I have concluded that the barrage of libelous distortions of my record would not cease upon my entry into office. The effort to smear me and to destroy my credibility would instead continue. I do not believe the National Intelligence Council could function effectively while its chair was under constant attack by unscrupulous people with a passionate attachment to the views of a political faction in a foreign country. I agreed to chair the NIC to strengthen it and protect it against politicization, not to introduce it to efforts by a special interest group to assert control over it through a protracted political campaign.

As those who know me are well aware, I have greatly enjoyed life since retiring from government. Nothing was further from my mind than a return to public service. When Admiral Blair asked me to chair the NIC I responded that I understood he was "asking me to give my freedom of speech, my leisure, the greater part of my income, subject myself to the mental colonoscopy of a polygraph, and resume a daily commute to a job with long working hours and a daily ration of political abuse." I added that I wondered "whether there wasn't some sort of downside to this offer." I was mindful that no one is indispensable; I am not an exception.

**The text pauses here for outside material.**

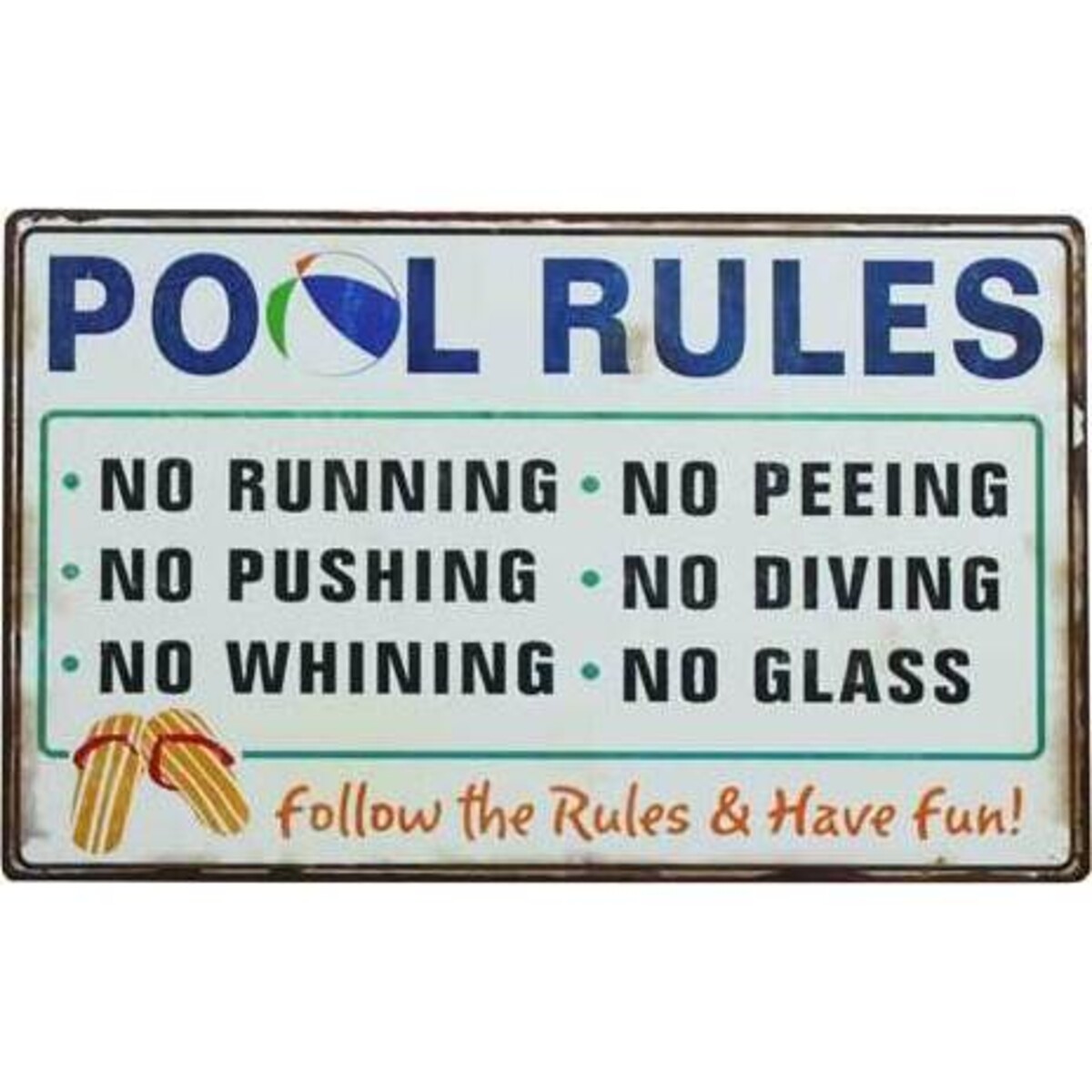 These horizontal white signs feature with the wording that reads, "Pool Rules; no running; no peeing; no pushing; no diving; no whining; no glass; follow the rules & have fun," in bold lettering. A little pair of flip flops decorates the bottom. There's darkening around the edges of the sign to give it a slightly weathered look. These signs are ideal to hang all around your pool to ensure that everyone sees them regardless of where they're standing or swimming. They're great for at home pools as well as pools that are open to the public.

It took weeks of reflection for me to conclude that, given the unprecedentedly challenging circumstances in which our country now finds itself abroad and at home, I had no choice but accept the call to return to public service. I thereupon resigned from all positions that I had held and all activities in which I was engaged. I now look forward to returning to private life, freed of all previous obligations.

I am not so immodest as to believe that this controversy was about me rather than issues of public policy. These issues had little to do with the NIC and were not at the heart of what I hoped to contribute to the quality of analysis available to President Obama and his administration. Still, I am saddened by what the controversy and the manner in which the public vitriol of those who devoted themselves to sustaining it have revealed about the state of our civil society. It is apparent that we Americans cannot any longer conduct a serious public discussion or exercise independent judgment about matters of great importance to our country as well as to our allies and friends.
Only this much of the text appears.